Electric vehicles use electric motors not internal combustion engines. You can probably find a number of smaller electric motors in your house running everything from the washing machine to the garbage disposal. You might also have a cordless power tool that you charge and then run with power from the internal battery. Electric cars use the same approach. Plug in to charge the batteries and then drive away.

Although many people will be happy with the electric vehicle choices now offered, others would want more range, larger vehicles, and lower prices. All this is increasingly possible through steady advancements being made with battery and energy storage.

Early electric vehicles used lots of lead-acid batteries. Gasoline cars only need one lead-acid battery to power the radio and other accessories. Electric vehicles need far more battery power to provide a steady stream of electricity to an electric motor or motors. Lead-acid batteries are less expensive than more modern batteries, but they take up too much room and add too much weight to electric vehicles.

Nickel metal hydride has been the battery chemistry of choice for hybrid-electric vehicles. These batteries often deliver twice the power per weight over lead-acid. Nickel metal hydride costs more than lead-acid, but less than lithium batteries.

Lithium batteries often deliver twice the power per weight compared with nickel metal hydride, and at least four times lead-acid. Because lithium batteries cost more, they are not used in most hybrid vehicles. Lithium batteries are the energy storage of choice for electric vehicles and plug-in hybrids. Taking limited space on the vehicle, enough lithium batteries can be used to deliver 15 to 300 miles of travel only using the energy stored in the batteries. With more batteries large and heavy buses and delivery trucks run over 100 miles using only battery-stored energy.

The lithium batteries in the new electric vehicles are similar to the lithium batteries used in your notebook computers and mobile phones. Because millions of lithium batteries are manufactured daily, battery costs have dropped. To deal with the high cost of lithium batteries, some automakers use kits that integrate thousands of consumer-size lithium batteries.

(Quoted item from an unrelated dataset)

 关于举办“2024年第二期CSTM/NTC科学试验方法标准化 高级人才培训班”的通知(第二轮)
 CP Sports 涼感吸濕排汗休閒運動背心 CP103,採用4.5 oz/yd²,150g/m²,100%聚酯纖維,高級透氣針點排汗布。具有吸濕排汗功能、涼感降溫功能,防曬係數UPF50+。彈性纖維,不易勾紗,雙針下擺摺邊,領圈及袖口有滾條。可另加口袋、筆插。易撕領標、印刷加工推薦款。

When you store a lot of energy in a small place, there is the potential for fires and explosions. Every year people die from gasoline fires that started when someone crashed. Under some circumstances, batteries can also catch fire and even explode. Lithium can be vulnerable to thermal runaways, and although there is no evidence that electric vehicles are less safe than their gasoline cousins, safety is a concern.

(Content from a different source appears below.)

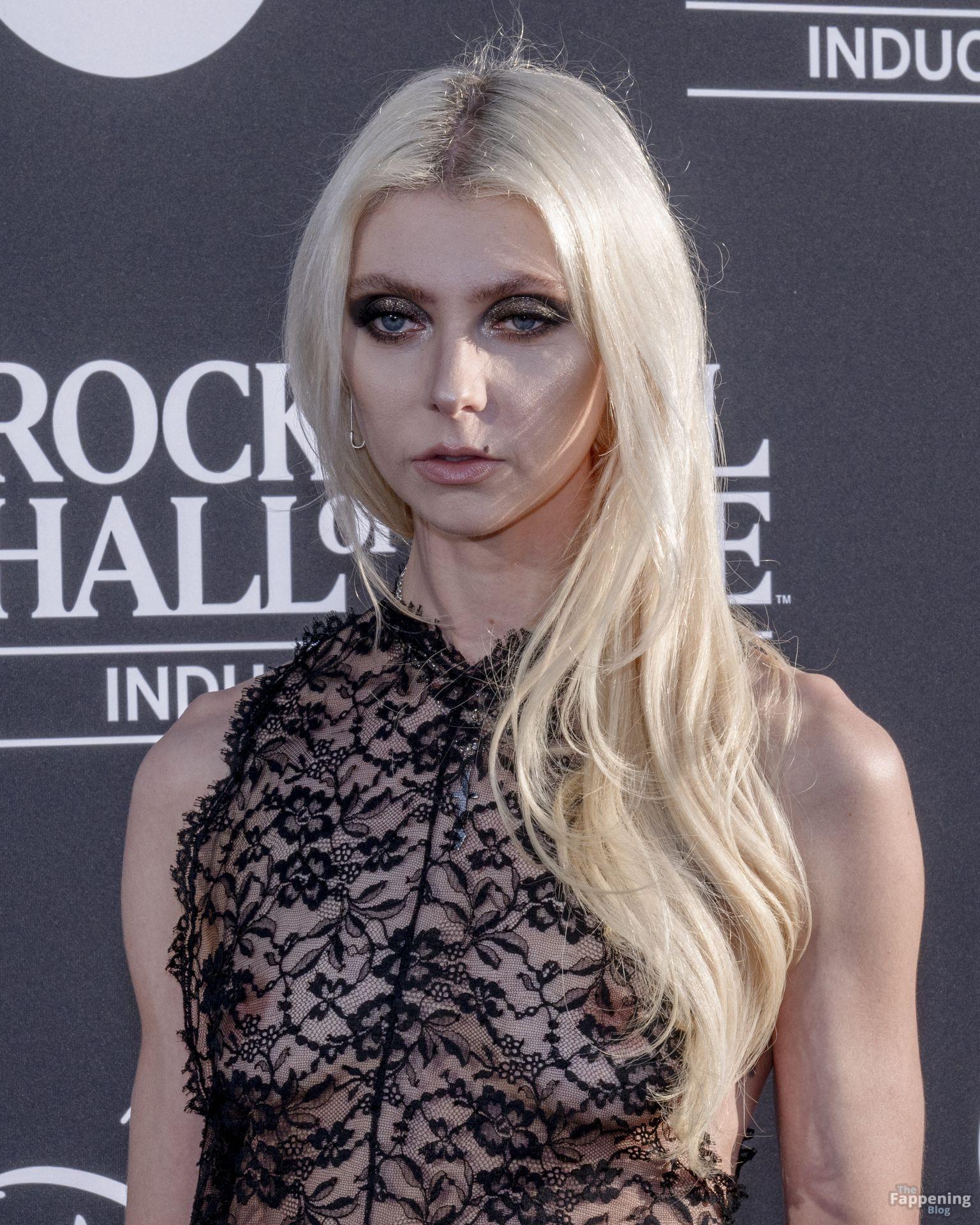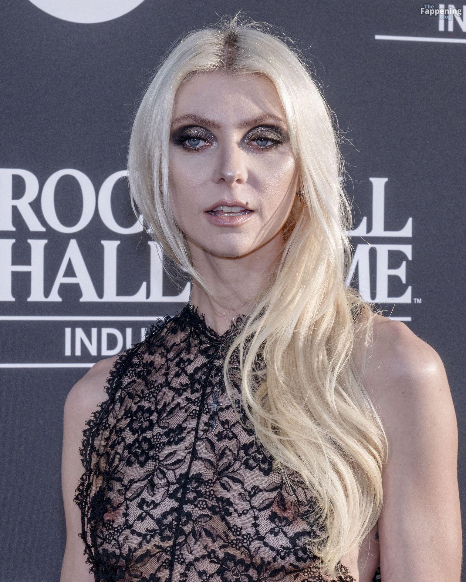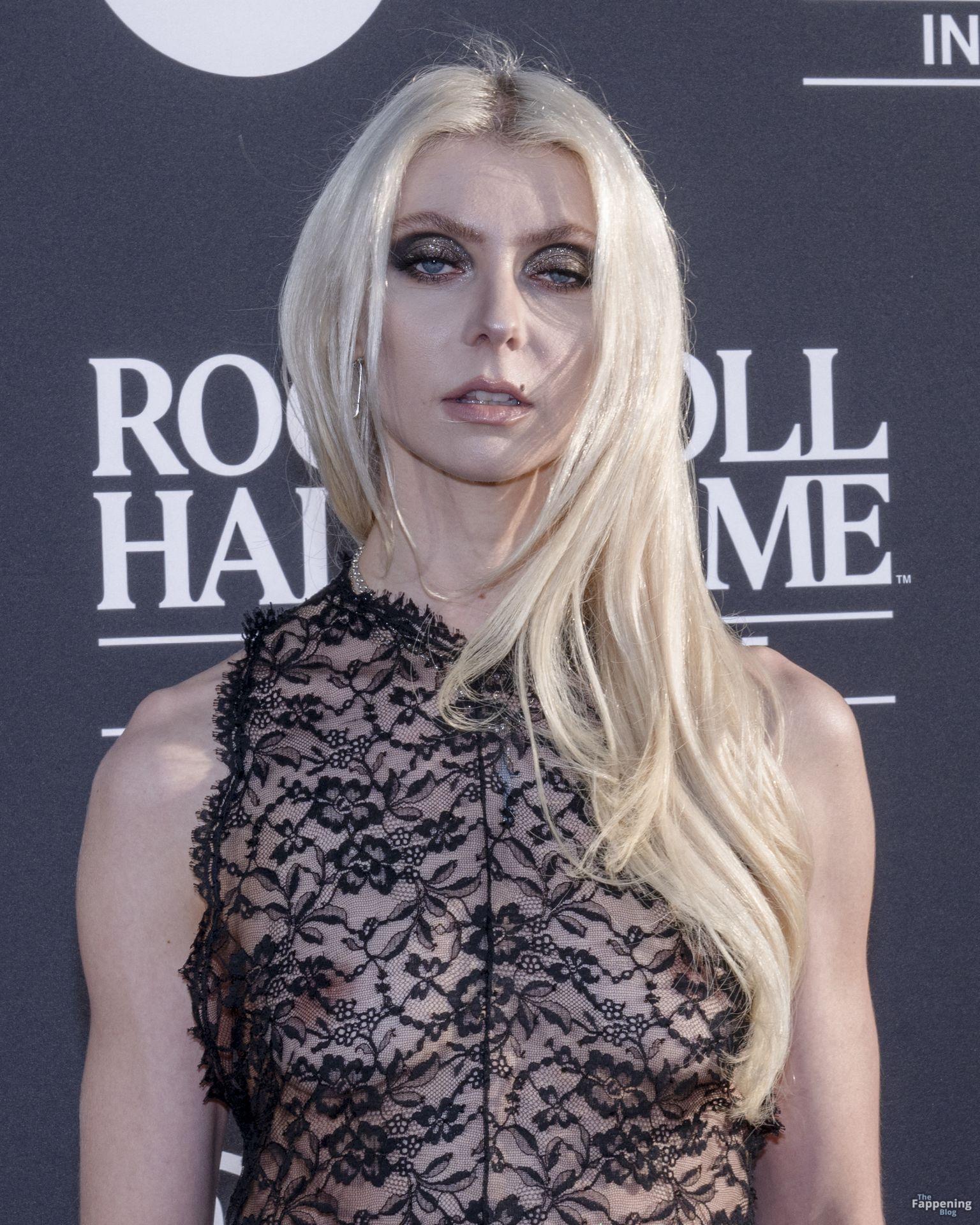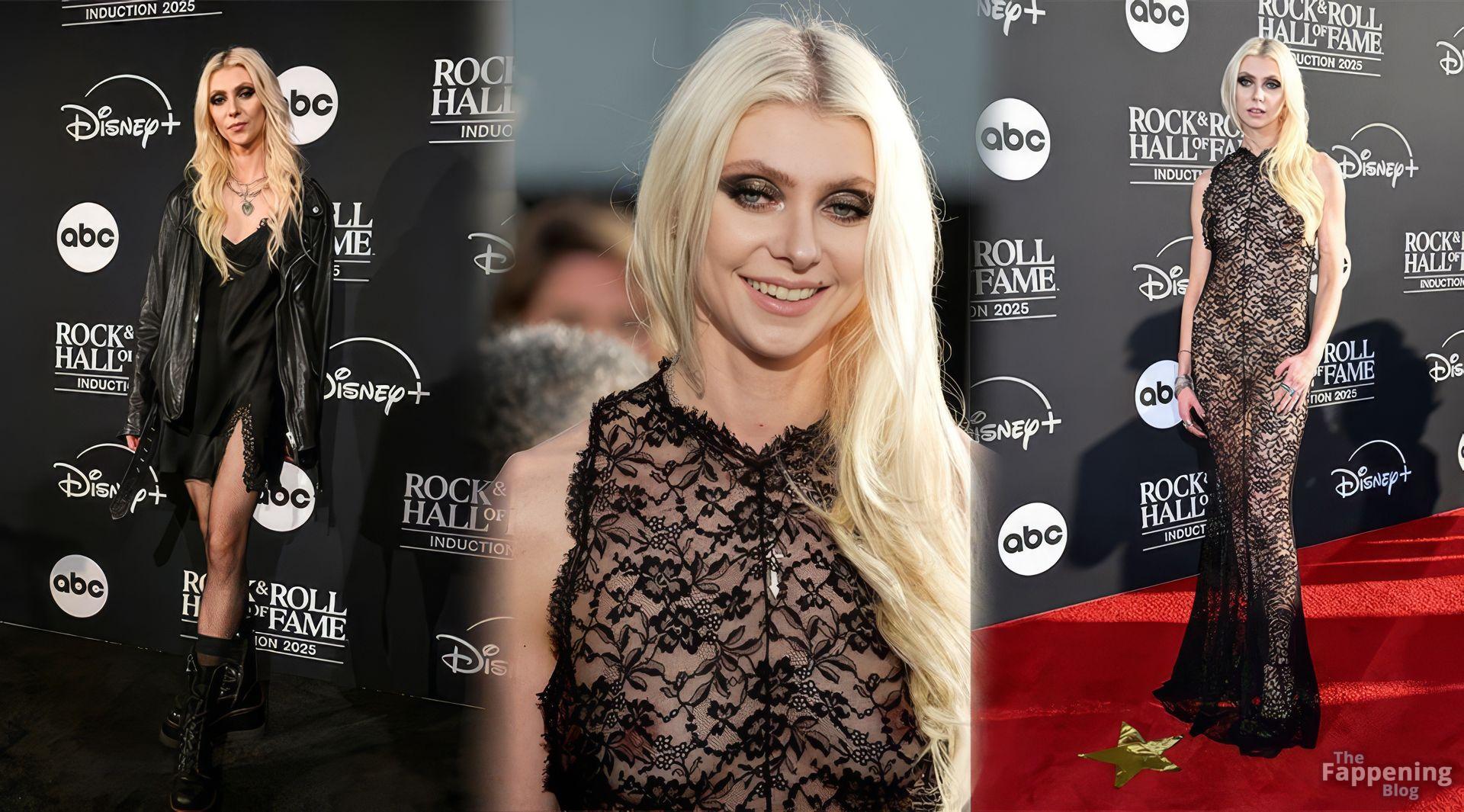 Taylor Momsen, la cantante principal de The Pretty Reckless, llegó a la Ceremonia de Ingreso al Salón de la Fama del Rock & Roll en Los Ángeles el 8 de noviembre de 2025, luciendo un vestido halter de encaje negro transparente que dejaba sus pechos desnudos completamente a la vista.

Hundreds of lithium battery makers have developed sophisticated chemical combinations to make their batteries safer and deliver more for the money. Lithium batteries are used with special cathodes made of nanophosphate, lithium nanotitanate, manganese titanium, and other combinations of chemicals as companies optimize some batteries for quick acceleration, others for more range, and always for longer battery life and better safety.

Another type of energy storage is ultracapacitors, which are very efficient at storing energy, such as energy from braking, and delivering energy over brief periods of time. Some hybrid buses that stop at every corner use ultracapacitors, not batteries. Some power tools use combinations of ultracapacitors and lithium batteries to get the best of both. General Motors is evaluating using both ultracapacitors and lithium batteries in future generations of cars.

There are a number of other battery chemistries that can be found in specialty vehicles — from nickel cadmium to nickel salt. Currently vehicle makers are focused on three battery types, depending on whether they just need to power a few accessories or build a hybrid or build a battery electric vehicle – lead-acid, nickel metal hydride, and lithium. Somewhere in the future, a new form of energy storage may replace all three.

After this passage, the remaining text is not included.